Another important finding of this study was to show that PCO2 gap progressively increased despite an augmentation of portal blood flow in hypercapnia versus normocapnia group. Paradoxically, arterial lactate in hypercapnia group was slightly but significantly reduced at 4-h study period versus the normocapnia group. As previously documented [25], arterial lactate per se, particularly in sepsis, does not always mirror the severity of tissue hypoxia. Although we did not directly assess the alterations of microvascular blood flow in gut mucosa, this finding suggests that the amelioration of LPS-induced gut barrier dysfunction under hypercapnic acidosis was not caused by the increase of intramucosal blood flow. High PCO2 produces a rightward shift of the oxygen dissociation curve by increasing P50 value of hemoglobin, resulting in the augmentation of oxygen delivery to tissues as flow-independent mechanism [26]. While the exact mechanisms to enlarge PCO2 gap remain unclear, hypercapnic acidosis might be able to redistribute blood flow to the others from mucosal layer of intestinal wall, augment intramucosal CO2 production and/or produce progression of intramucosal hypoxia resulting in anaerobic glycolysis. In addition, the changes of intracellular pH exert a variety of actions on ionic conductance of cellular membranes, thus disturbing electric properties of excitable cells [27]. In gut mucosa, these alterations of membrane potential may be able to make intestinal wall rigid against macromolecules, i.e., hypercapnic acidosis preserves gut mucosal homeostasis possibly through the modulation of membrane potential rather than the amelioration of intramucosal blood flow.

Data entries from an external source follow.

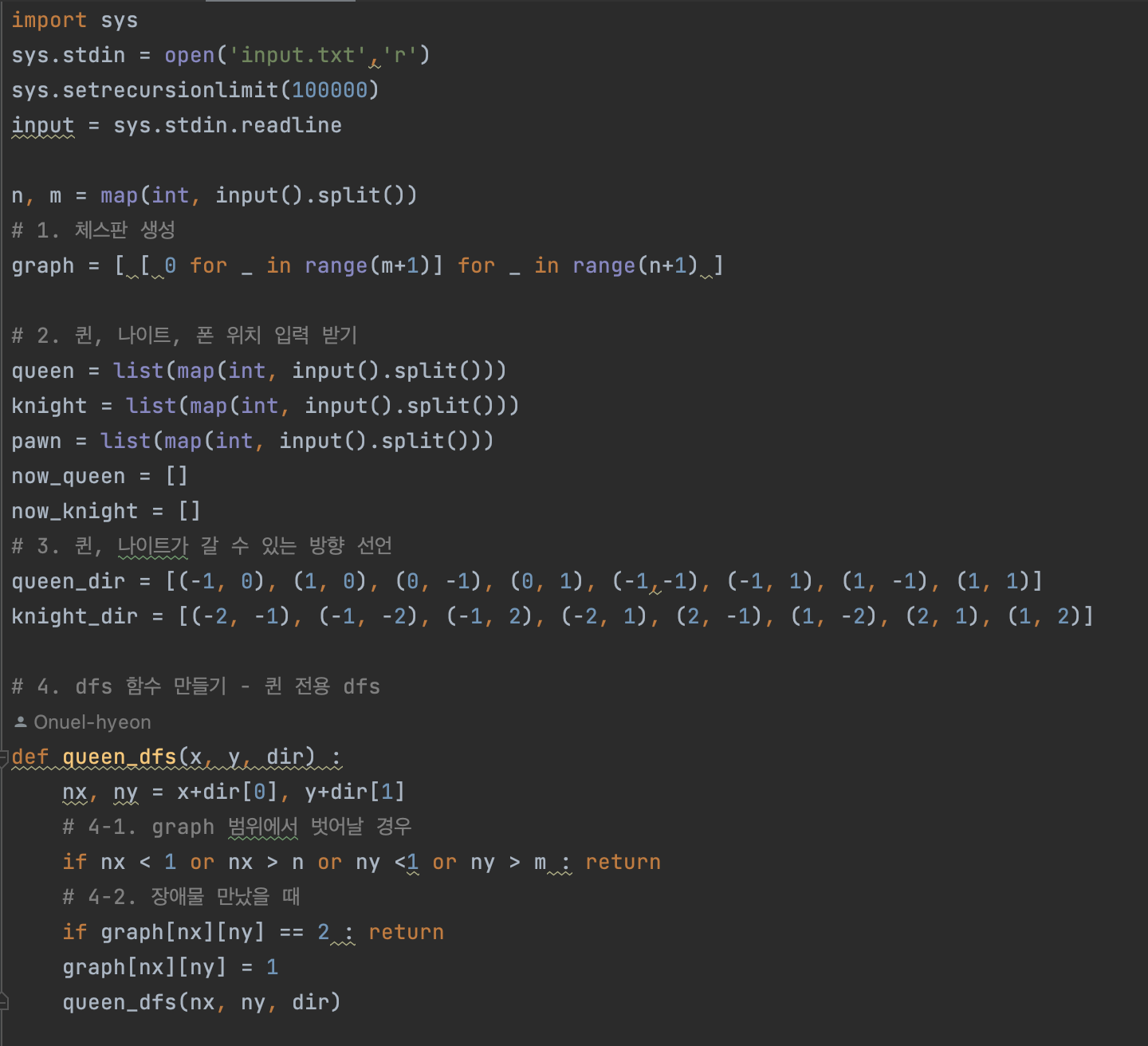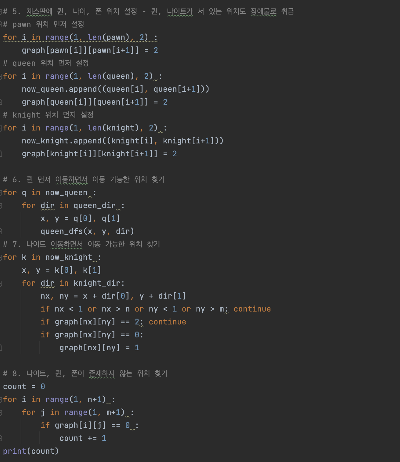 n×m 크기의 체스 판과, 상대팀의 Queen, Knight, Pawn의 위치가 주어져 있을 때, 안전한 칸이 몇 칸인지 세는 프로그램을 작성하시오. (안전한 칸이란 말은 그 곳에 자신의 말이 있어도 잡힐 가능성이 없다는 것이다.)
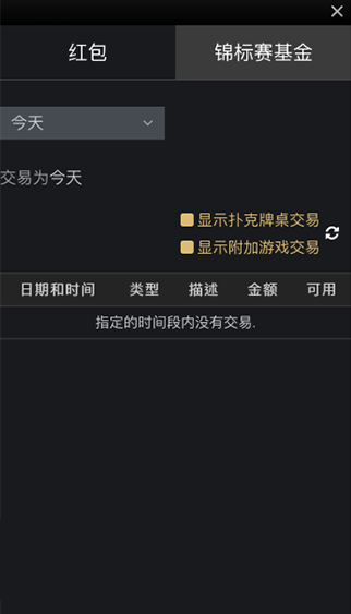 交易明细:主要显示资金的转移,添加,提取记录,也可以使用此功能查询游戏相关数据。
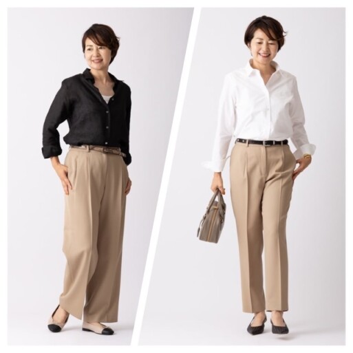 ベージュのパンツって合わせやすさ抜群!
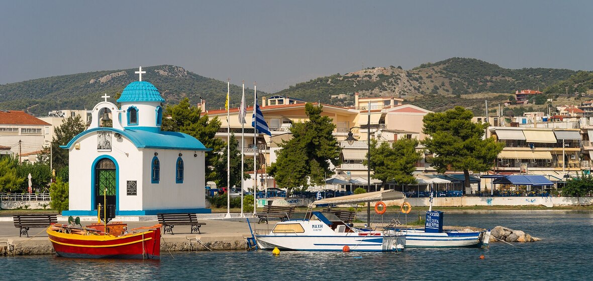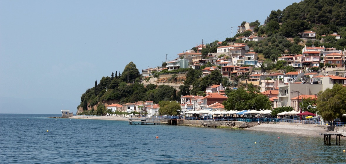 Halkida — also called Chalcis or Chalkida — is the island’s largest town, and a great hub for foodies and culture buffs. The southern resort town of Karystos, on the other hand, has a more laid-back feel, with a popular promenade and lively tavernas. For ancient landmarks, visit the 5th century BC ruins of Eretria, Evia’s towering Venetian fortresses, or take a guided island tour. The team at the best place to stay on Evia will be happy to help you plan your adventures.
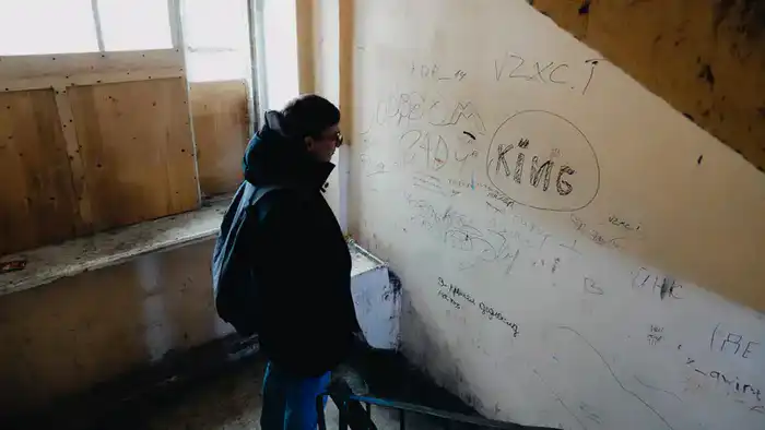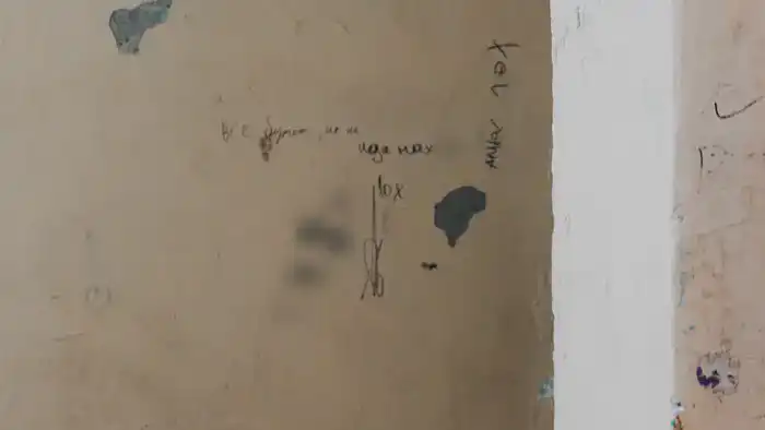 На стенах можно увидеть множество нецензурных надписей. Жители пытались закрасить их, но они появляются снова.
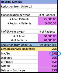 Note: The mental health and substance abuse calculator is based on national averages, without regard to patients treated in dedicated substance abuse and mental health facilities. Therefore, these numbers are more accurate for facilities with dedicated inpatient mental and substance treatment. Still, these numbers only look at readmissions and their associated costs. Savings could be higher when looking at a window beyond the standard 30 days, or admissions that are complicated with mental health as a comorbidity.

There are several limitations to interpret the data herein. Since the results of this study were obtained during 4 h of acute hypercapnia, prolonged effects remain to be fully determined. The present study clearly showed that gut mucosal barrier dysfunction caused by endotoxin infusion was ameliorated at least within 4 h of moderate hypercapnia. Second, this endotoxemic model may not be clinically relevant to mirror septic patients because hemodynamic parameters such as MAP and heart rate remained constant throughout the study periods. Although we did not measure cardiac output directly, increased portal blood flow up to 30% in normocapnia group suggests that cardiac output in this model was augmented by infusion of endotoxin and aggressive fluid therapy. Finally, since enzyme-linked immunoassay kits for many kinds of inflammatory cytokines are not commercially available for rabbits, we are unable to examine these markers, which might be more convincing to elucidate the mechanisms regarding the modulation of inflammation.

In conclusion, hypercapnic acidosis minimized endotoxin-induced gut barrier dysfunction possibly through neutrophil-independent mechanisms. Lung protective strategy inducing hypercapnic acidosis may serve to protect gut barrier function in critically ill patients.